"People were bringing little children to him in order that he might touch them; and the disciples spoke sternly to them. But when Jesus saw this, he was indignant and said to them, 'Let the little children come to me; do not stop them; for it is to such as these that the kingdom of God belongs.'" (Mark 10:13-14)
I am regularly struck by the vulnerability of my fifteen month old daughter. "Well, duh, Jeremy!" you may be thinking. But there are times--when I am changing her or bathing her or even just carrying her down the street--that I am particularly aware of how vulnerable she is. She is so helpless. Without a protective, caring person in her life all manner of terrible things could happen to her.
In my own mind, I tend to distinguish myself from her. She is a baby and vulnerable. I, however, am a grown-up and strong--I can look after myself! (Again, "Well, duh, Jeremy!"). But what I think I fail to appreciate is just how vulnerable I am, too--in different ways than a baby, but vulnerable nonetheless. I may not be in my 20's any longer and so have shed my youthful notions of being "indestructible," and yet sometimes I still have this sense that bad stuff won't happen to me.

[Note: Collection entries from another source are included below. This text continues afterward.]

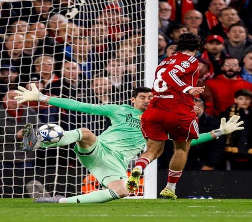 第28分鐘利物浦創(chuàng)造出了一次極具威脅的反擊機會,維爾茨右路橫敲,索博斯洛伊跟進的推射被庫爾圖瓦神撲化解,半場比賽結(jié)束之前,非常活躍的索博斯洛伊大禁區(qū)外開炮,庫爾圖瓦單掌將皮球擋出底線,靠著門將的神勇發(fā)揮,皇馬艱難帶著0-0的比分回到了更衣室。
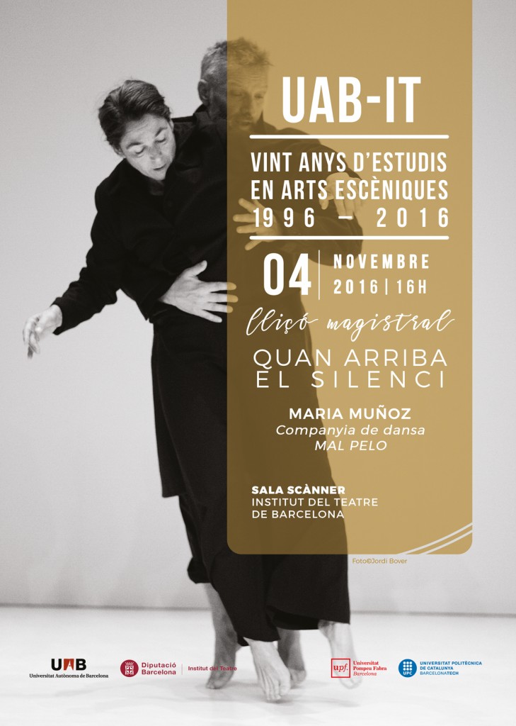Amb motiu dels 20 anys dels estudis en arts escèniques, la Universitat Autònoma de Barcelona i l'Institut del Teatre ofereixen la lliçó magistral "Quan arriba el silenci" a càrrec de Maria Muñoz de la companyia de dansa Mal Pelo.
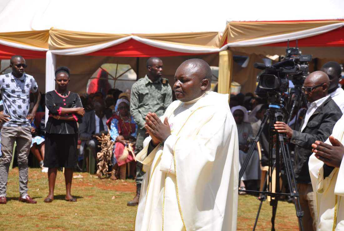 Father Michael Mithamo King’ori prays during his Jan. 14, 2023, ordination Mass at St. John Bosco Kiamuiru Primary School in the Archdiocese of Nyeri, Kenya. (Photo: Twitter)
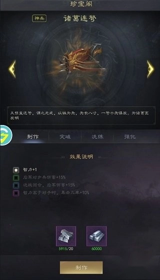 在珍宝阁内,玩家可以选择心仪的装备进行制作。
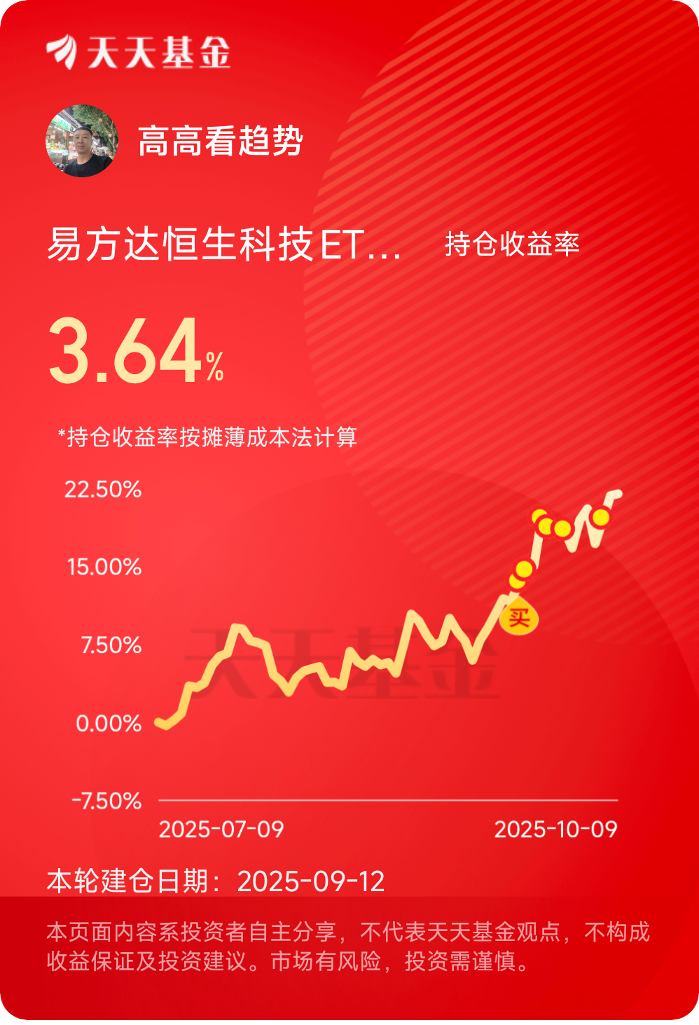 今天市场迎来调整。主要受到外围影响。连续上涨的港股也迎来了回落。虽然恒生科技指数出现了调整,但是目前整体上涨的趋势还没有变。美联储10月降息的预期还在升温。外资有望再度加速回流。而且对比a股,港股科技目前估值低。性价比高。未来的补涨空间依然还比较大。今天我决定继续布局持有的$易方达恒生科技ETF联接(QDII)C$ 紧密跟踪恒生科技指数,跟踪的精准度高。同赛道长期做到了优秀。而且费率方面同类也是比较低。我坚定看好四季度的突破表现。今天趁着回调继续定投。
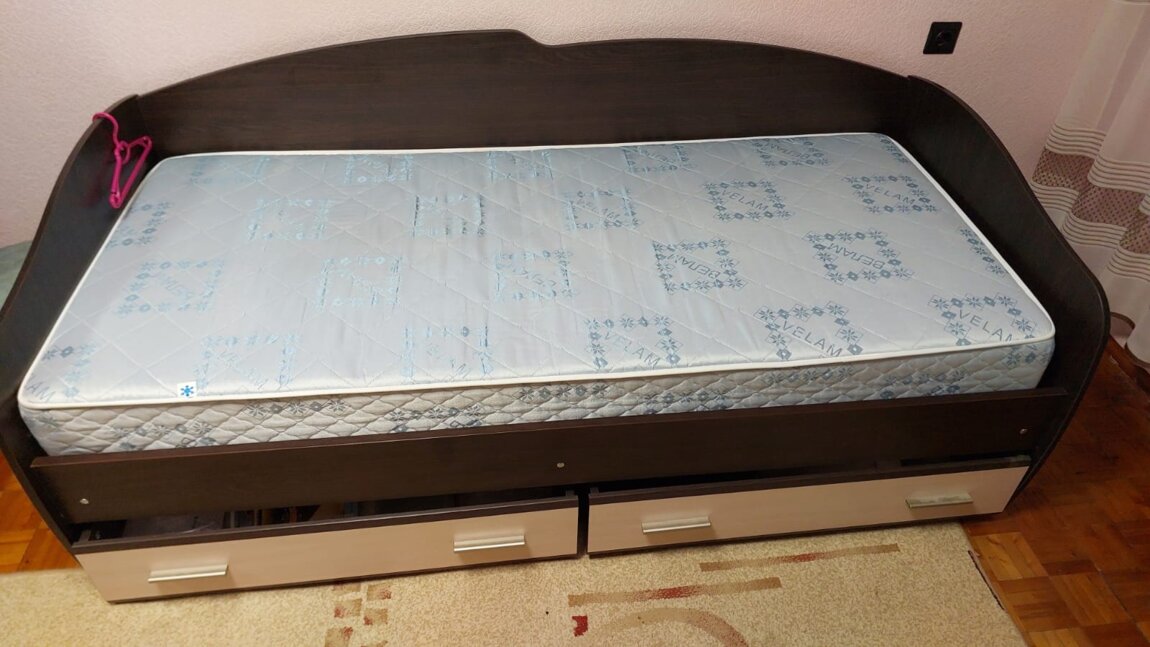 Продаётся кровать с матрасом зима- лето90/200см. и два ящика для белья. состояние идеальное. цена 3.300руб. торг, самовывоз
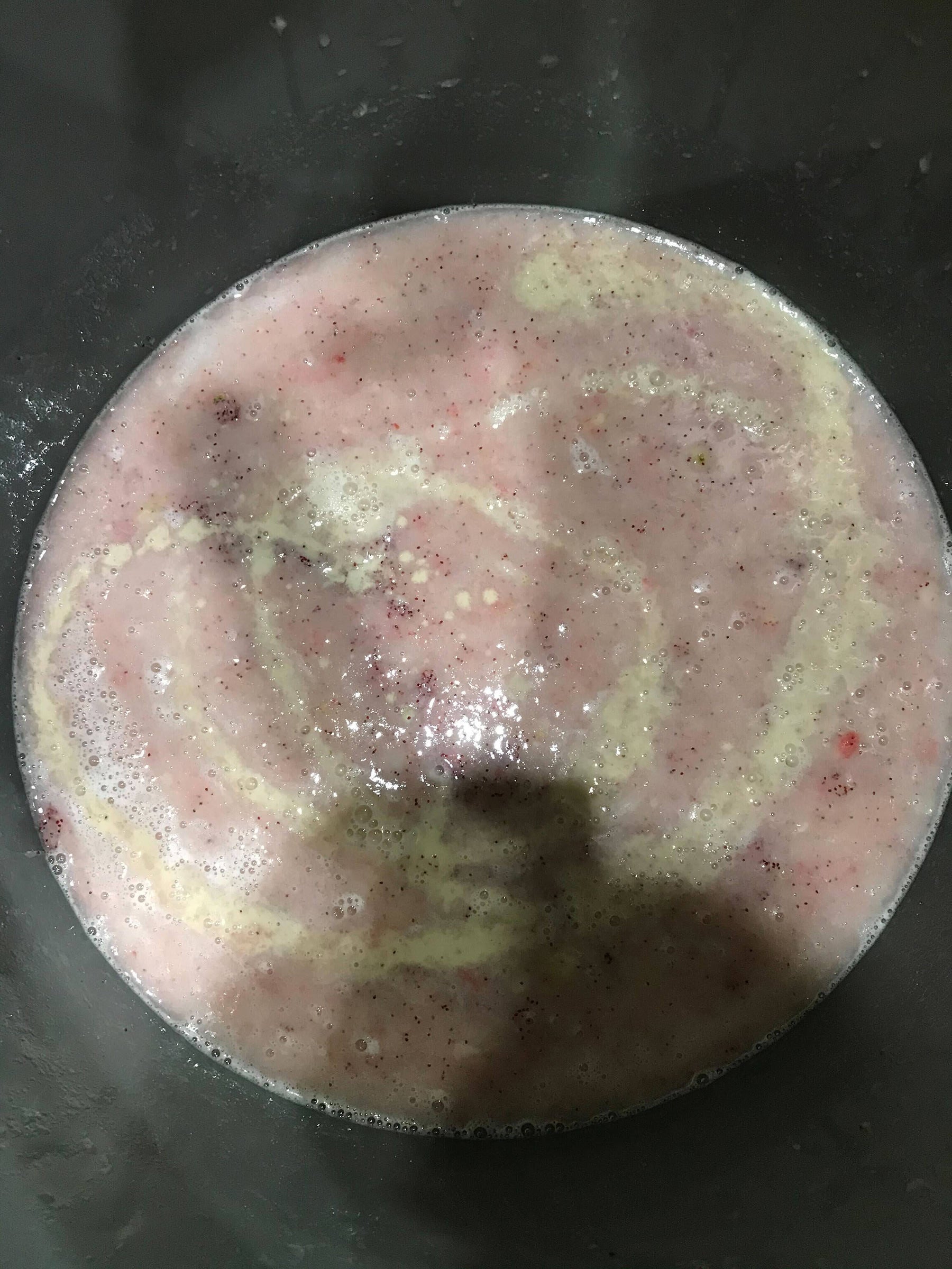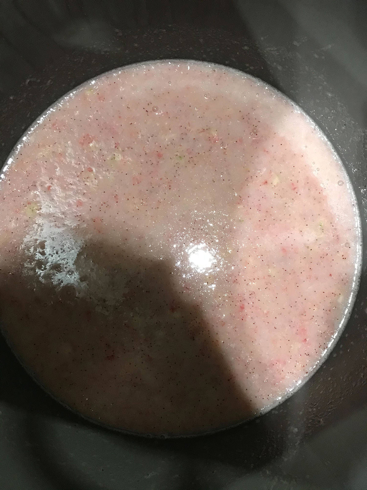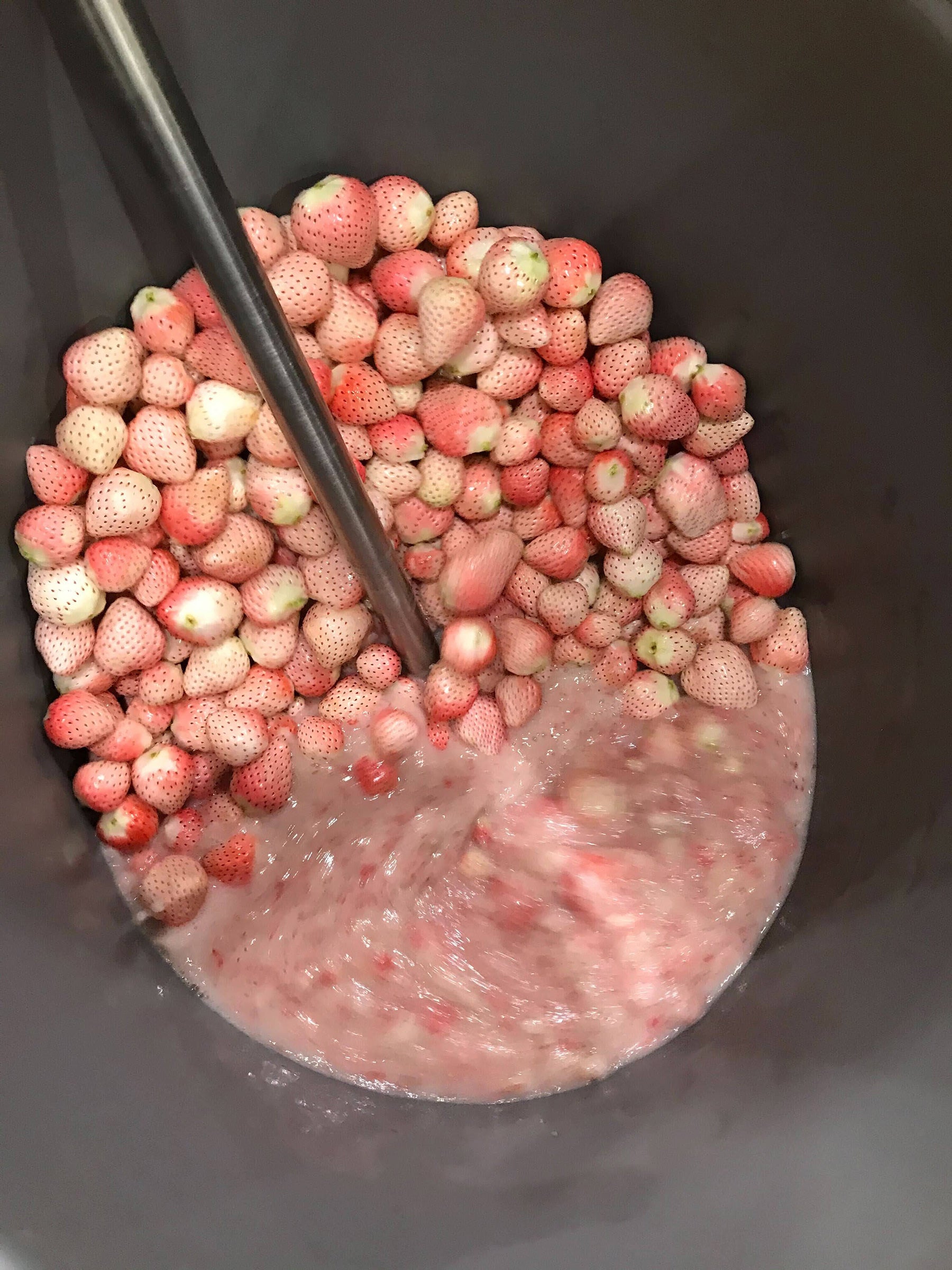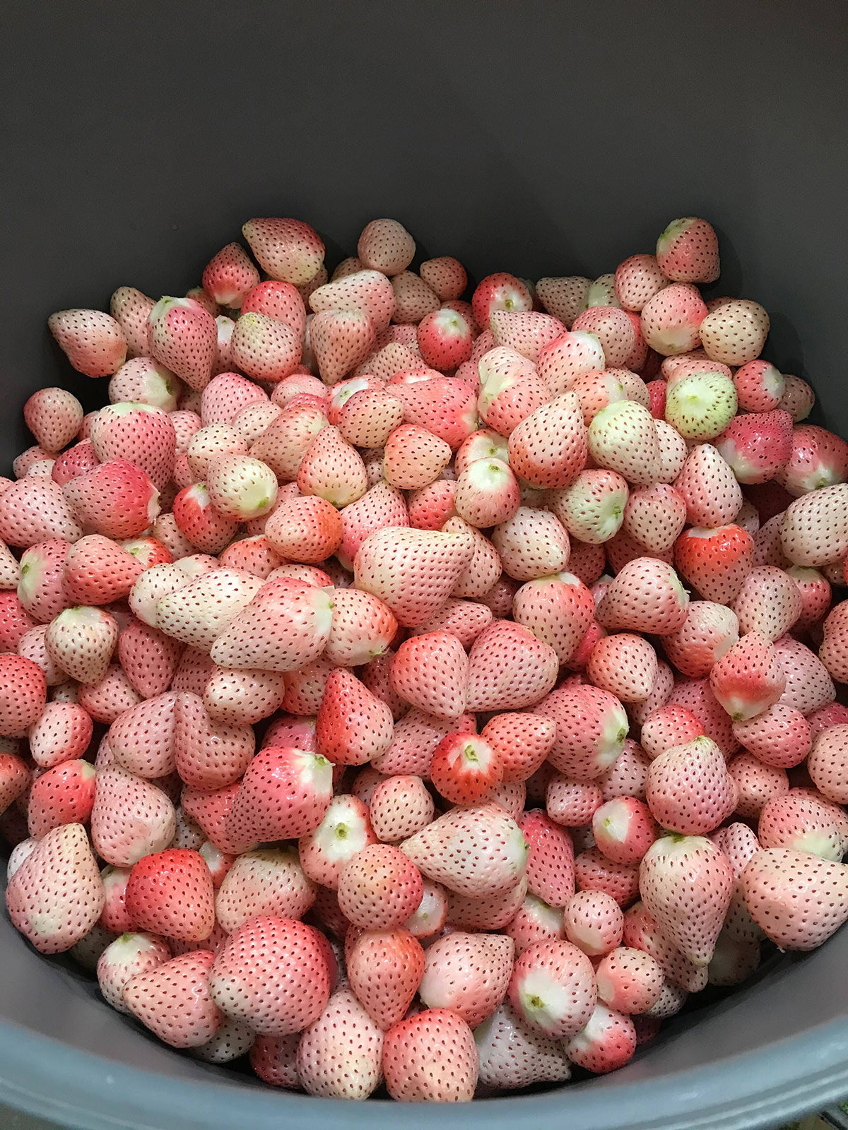 The white strawberries arrived in mid-May. The stems were carefully removed, roughly crushed, and fermented. After two days, high bubbles appeared, indicating that fermentation was proceeding smoothly. Two weeks later, once the fermentation had settled, the strawberries were distilled while retaining their freshness.

But heart wrenching things happen to people of all ages every day. No matter what illusions we have, the truth is that we are all vulnerable and none of us is indestructible.
When Jesus gathers children around himself and tells us that the kingdom of God belongs to them, what I think he is reminding us is that it is in our vulnerability that we can fully appreciate and grasp the nature of God's love for us. It is not through our illusions of strength or power, but in our vulnerability that God is revealed. And so if we wish to have a deeper, fuller experience of God, then at some point we must be willing to acknowledge that we are indeed vulnerable and that it is only by the grace of God that we rise to each new day.
So when I become aware of my daughter's vulnerability as I care for her, it is for me a little glimpse of God, a small reminder that it's OK for me to be a vulnerable, fragile human being--because that is how God created us and where God meets us.
Prayer: God, welcome me, a fragile human being, into your presence just as Jesus welcomed children into his embrace. Amen.